The Delaware Division of Corporations website shows the entity “Canary Staked INJ ETF” was formed on Monday, the asset manager’s apparent first step to offering a fund based around staked Injective (INJ).

Crypto ETFs typically start with Delaware trust

Filing for a trust in Delaware is usually the first step an ETF issuer takes before further filings are made with the Securities and Exchange Commission to launch an ETF for trading.

Creating a Delaware trust doesn’t necessarily mean a fund manager will follow up with an ETF, but multiple crypto-tracking ETFs started with the creation of a Delaware-based trust.

A regulatory entry showing Canary Capital’s staked INJ ETF trust.
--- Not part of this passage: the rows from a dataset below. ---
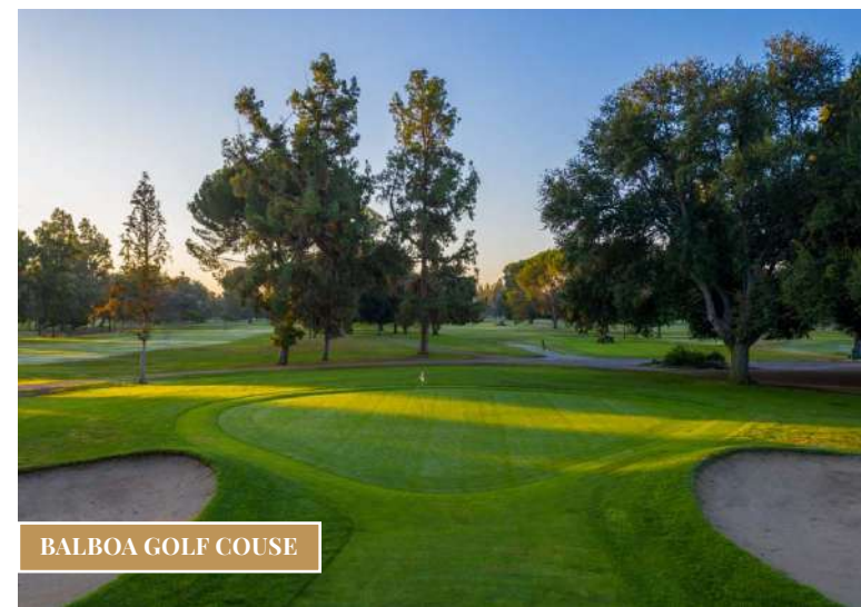
BALBOA GOLF COURSE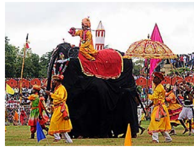
Final procession re-enactment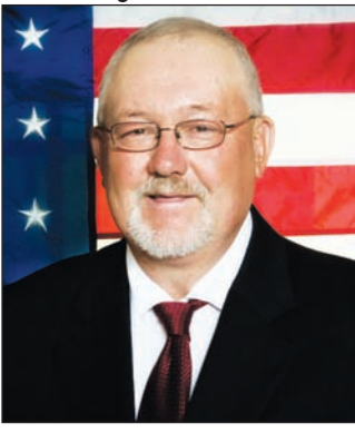
Candidate for Tax Commissioner See page 2A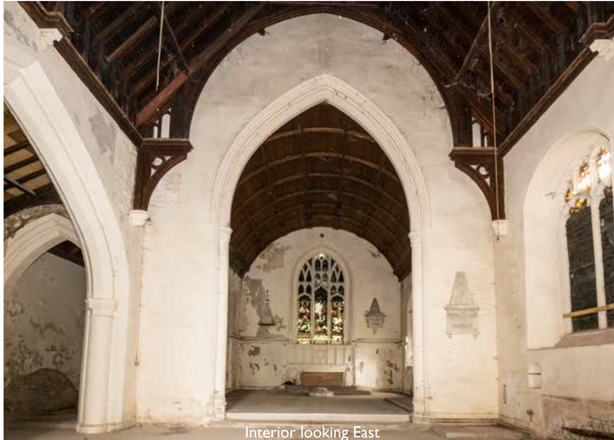
Interior looking East

This opportunity is not to be missed. This fabulous Grade II* listed redundant church has amazing potential for conversion to five units, subject to planning consents. Restoration to the tower has already been completed that attracted substantial grants from Historic England, but there is scope to carry the conversion further. The vendor is prepared to offer support to the purchaser with respect to obtaining the relevant approvals. Correspondence with Breckland Council available. Good relations with Historic England.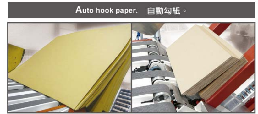
Auto hook paper. 自動勾紙。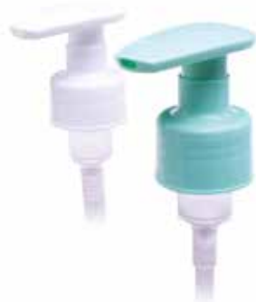
Nautilus Spring Pump Linfa Series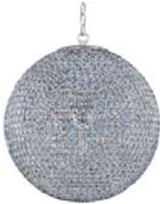
39887BCPS Glimmer 12-Light Chandelier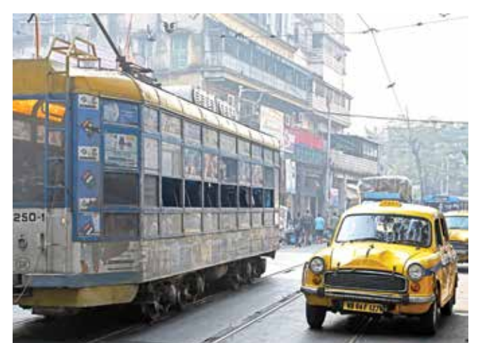
Passengers ride a Hindustan Ambassador yellow taxi past a tram along a street in Kolkata.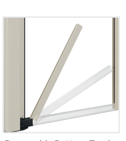
Removable Bottom Track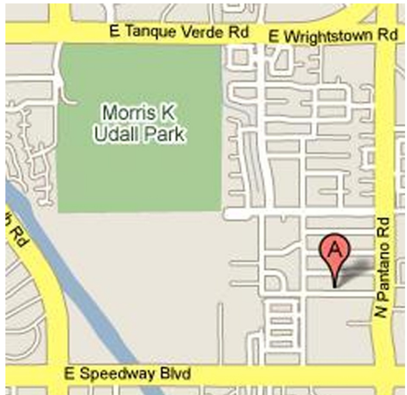
Map to Rick and Sue Gast's home

To get here from Rick's house, take Pantano Rd. South to 22 nd Street and turn right (west). At the second light, Prudence, turn left (south) and continue until you reach a stop sign. (29 th Street). Turn Right (west) on 29 th Street. We are the fourth grey house on the right (north) side. 7501 E 29 th Street.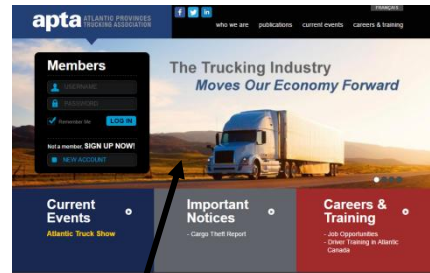
TOP BANNER (960 X 337 pixels)

*Company links are also added with placement ad. By clicking on the ad, members and browsers will automatically connect to your website.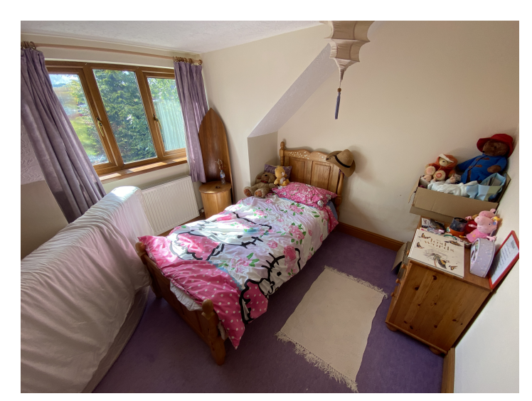
15' 0" x 10' 0" (4.57m x 3.05m). With radiator.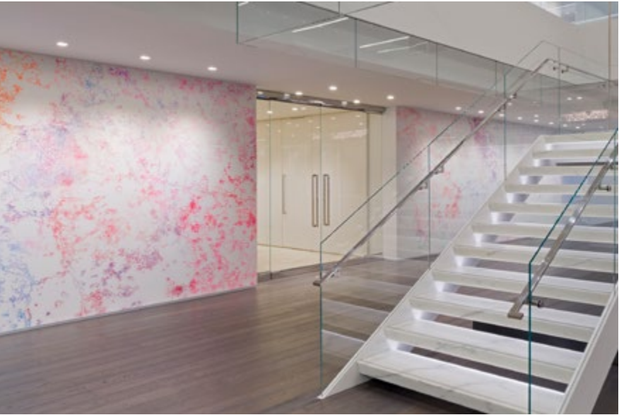
3" round recessed accent wall washer with regressed angled diffuser.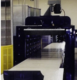
HIGH VELOCITY AIR CONVECTION OVEN WITH BUTYL BELT CONVEYOR

Absolutely not. Especially in the case of a Blasdel infrared oven, complex shapes can be evenly cured due to the reflector design and containment of convection heat in the oven. Much of the heat transfer is through conduction.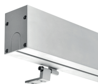
Rectangular Outer Housing Code: ROH1001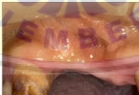
Figure 1 Before vestibuloplasty

A 52-year-old male patient came to the Department of Periodontics, Dental and Oral Hospital, Universitas Airlangga, with complaints that he wanted to clean tartar and replace missing teeth. Clinical examination found that the patient has a shallow vestibule and the width of the keratinized gingiva is inadequate, so treatment for deepening the vestibule is needed. The patient admitted to having a history of hypertension and routinely taking Amlodipine 10 mg once a day every morning. Vestibuloplasty to deepening of the vestibule was performed using the conventional surgical technique.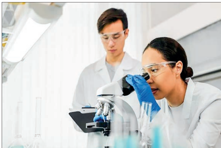
Researchers have overcome the obstacle of scale by analyzing electronic health record data.

In a new study led by Children's Hospital of Philadelphia (CHOP) and Nemours Chil-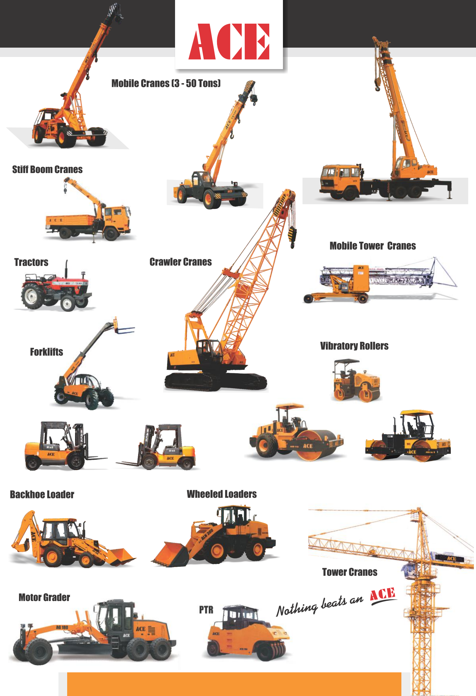
Mobile Cranes (3 - 50 Tons)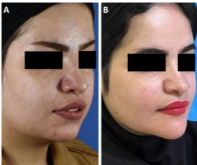
Figure 3. Images of the female patient undergoing surgery with the modified method. preoperative (A) and postoperative after 2 months (B) profile photoslide (Published with the patient's consent).

Figure 3 (A and B) shows the photo slides of a female patient with class I malocclusion because of vertical maxillary excess which can show long gamine and lip incompetency. She was operated using the new modified reduction method introduced in this article. As a quick conclusion after the surgery, no additional angle is observed along the jaw line. On the other hand, the general condition of the patient was good during post-water stages and no swelling, infection or additional chronic pain was reported.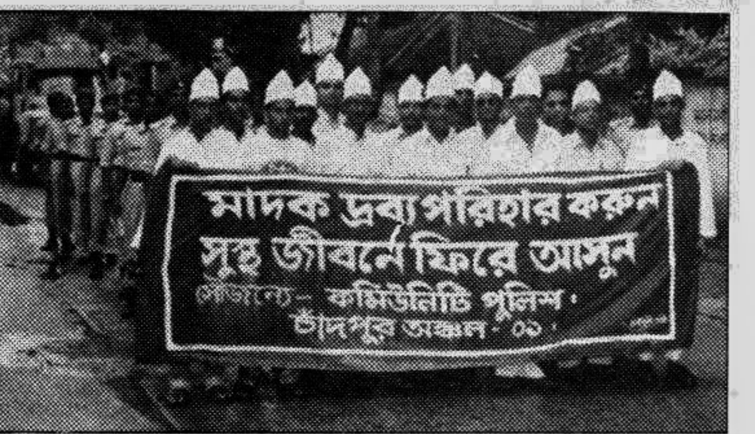
Return to healthy life: Community police of Chandpur zone 01 urged misguided people to shun drug addiction by bringing out a rally in Chandpur town recently.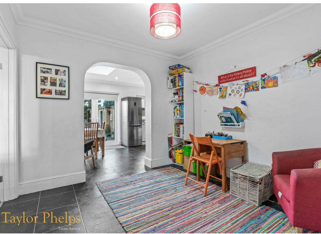
Taylor Phelps Estate Agency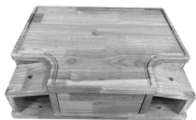
1. REMOVE TWO SMALL SIDE DRAWERS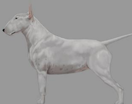
Incorrect-over angulated (too long lower thigh)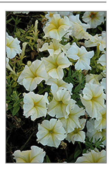
Paparazzi Glitz Yellow Petunia flowers

Paparazzi Glitz Yellow Petunia will grow to be about 12 inches tall at maturity, with a spread of 14 inches. When grown in masses or used as a bedding plant, individual plants should be spaced approximately 12 inches apart. Its foliage tends to remain dense right to the ground, not requiring facer plants in front. This fast-growing annual will normally live for one full growing season, needing replacement the following year.

Source: Delaware Division of Corporations

There are currently no details on Canary Capital’s seemingly planned INJ fund, but the company filed for an ETF in April to hold the Tron blockchain’s native token, TRX (TRX), and stake a portion of the tokens to generate yield, locking some of them up to support the blockchain to receive more tokens as a reward.

Asset manager 21Shares launched an Injective exchange-traded product in Europe in July that similarly tracks the INJ token and captures staking yield for reinvestment.

Canary Capital did not immediately respond to questions about its Delaware trust.

Injective token gains on a possible ETF

The Injective token gained 3.7% over the last 24 hours amid Canary Capital’s creation of the Delaware trust, with the blockchain’s X account sharing news of the trust on Monday.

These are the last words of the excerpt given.